# [TASK ITEM]
Task for the records below: please copy exactly, and only, the lines from the one containing "Kees Trompetter bringing" to the last line, both included, leaving out the pictures.

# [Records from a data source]
━━━
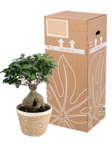 Der Ficus Ginseng besticht durch seine schlichte Eleganz. Unverkennbar an seinen unregelmäßig geformten Luftwurzeln und seinen kleinen glänzenden ovalen Blättern. Gingseng ist chinesisch und bedeutet „Wurzel“. Diese asiatische Schönheit erinnert an einen Bonsai-Baum. Die pflegeleicht Zimmererpflanze brauchen wenig Wasser, dafür aber ein helles Plätzchen. Eine gute Wahl für Anfänger! Der Ginseng hat eine Höhe von ca. 50 cm und wird in einem schönen Naturkorb geliefert. Durchmesser: 20cm Material: Geflochtener Korb
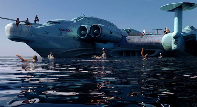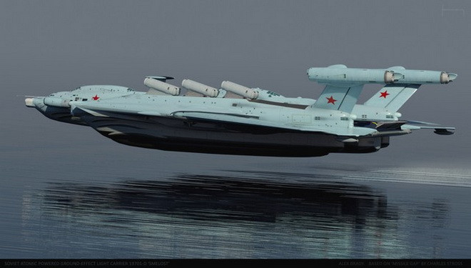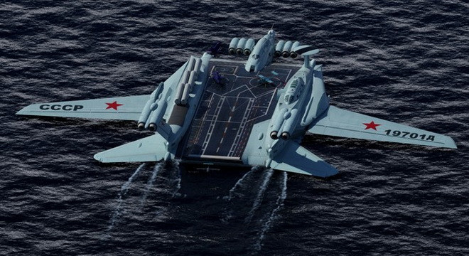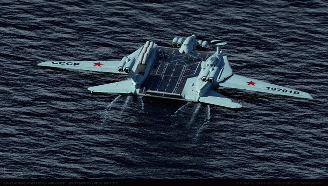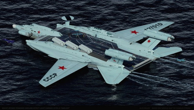 Ý tưởng thiết kế tàu sân bay hạt nhân dạng Ekranoplan siêu độc đáo của Liên Xô
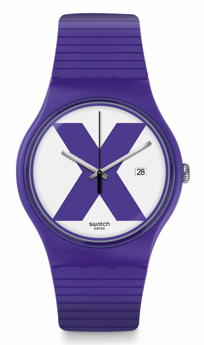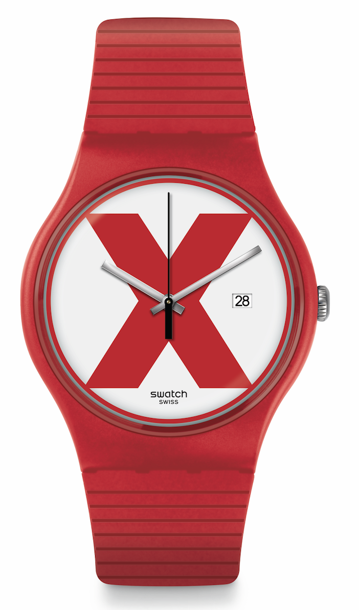 La colección The X Vibe de Swatch está conformada por cinco diseños que reviven los icónicos modelos Swatch, en color rojo, negro, morado, verde con una X en la carátula
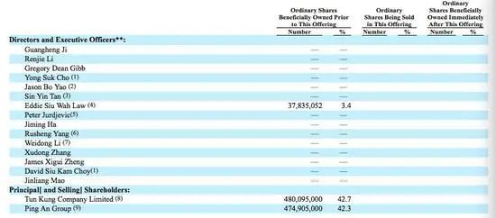 股东结构方面,中国平安持股42.3%、Tun Kung Company Limited(下称Tun Kung)持股42.7%。值得注意的是,Tongjun InvestmentCompanyLimited(下称Tongjun)和Lanbang Investment Company Limited分别持有Tun Kung41.0%和37.4%。其中,Tongjun代表中国平安某些高级雇员持股,其管理委员会成员为5名中国平安员工。
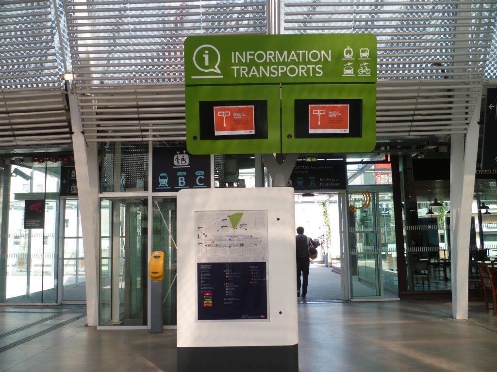 Trois mois après leur installation, les écrans des deux totems installés dans le hall supérieur de la gare de Montpellier Saint-Roch n’étaient pas opérationnels. Photo d’un des deux totems prise le lundi 21 mai 2018. Copyright : Edouard Paris
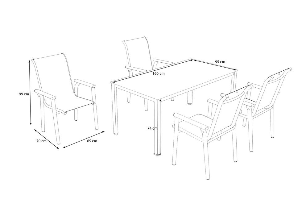 Die KETTLER BasicPlus Pro Garten-Essgruppe verbindet hochwertiges Design mit überzeugender Alltagstauglichkeit – und schafft damit einen stilvollen Mittelpunkt für Ihren Außenbereich. Mit ihrer modernen Kombination aus silberfarbenem Aluminium und anthrazitfarbenem Outdoorgewebe fügt sich die Essgruppe harmonisch in zahlreiche Terrassen- und Gartengestaltungen ein. Der ca. 160 x 95 cm große Tisch bietet großzügige Abstellfläche für entspanntes Essen im Freien, während die vier exklusiven Stapelsessel der Serie BasicPlus Pro hohen Sitzkomfort und praktische Funktionalität vereinen.
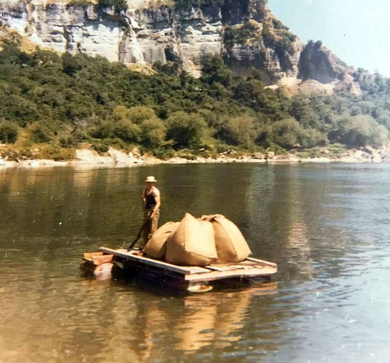 Kees Trompetter bringing the wool back over the Buller River at Whitecliffs area, ca 1960's.
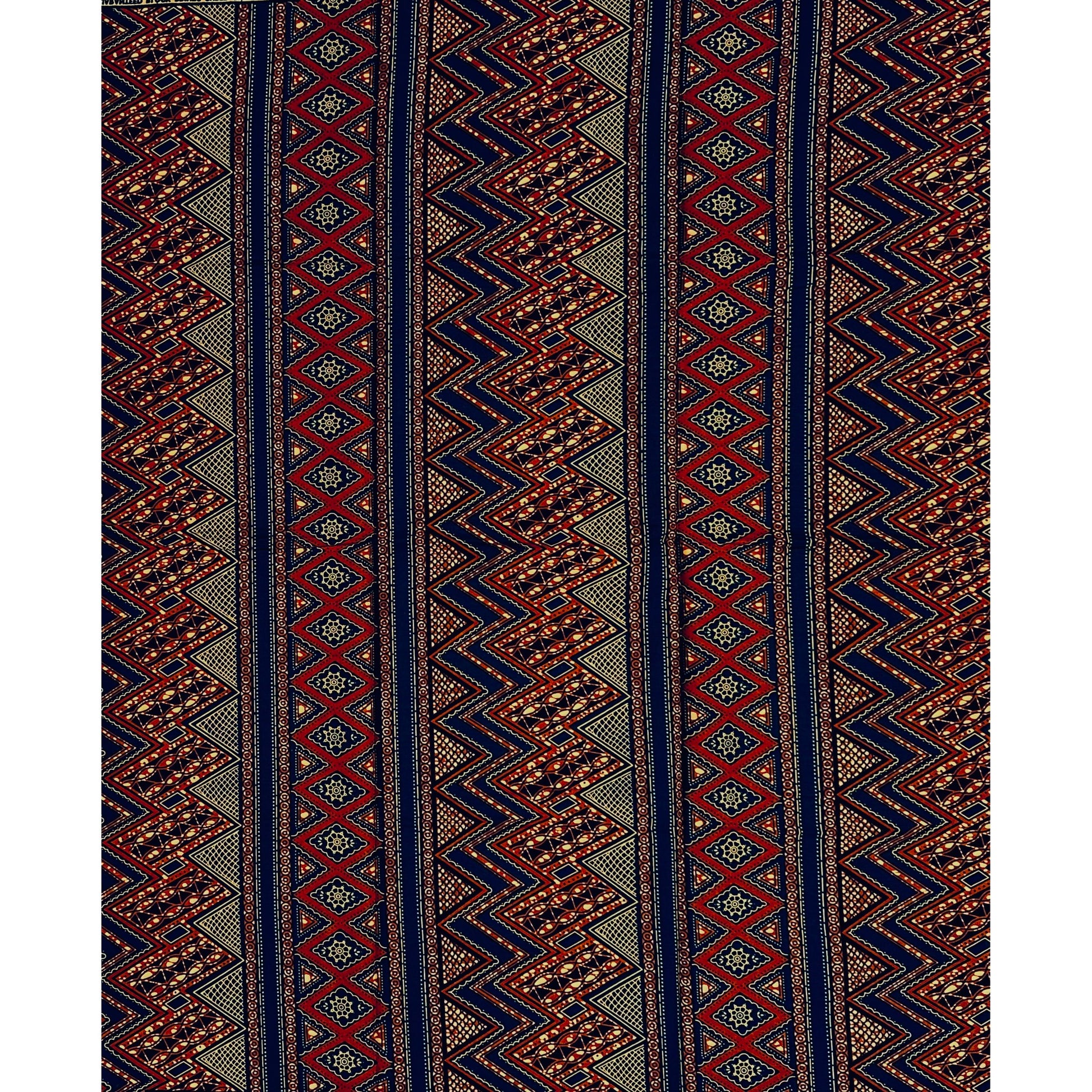 African Print Fabric/ Ankara - Brown, Navy "Zigzag Palava", 1 Yard
━━━
# [RESULT OF THIS TASK]
 Kees Trompetter bringing the wool back over the Buller River at Whitecliffs area, ca 1960's.
 African Print Fabric/ Ankara - Brown, Navy "Zigzag Palava", 1 Yard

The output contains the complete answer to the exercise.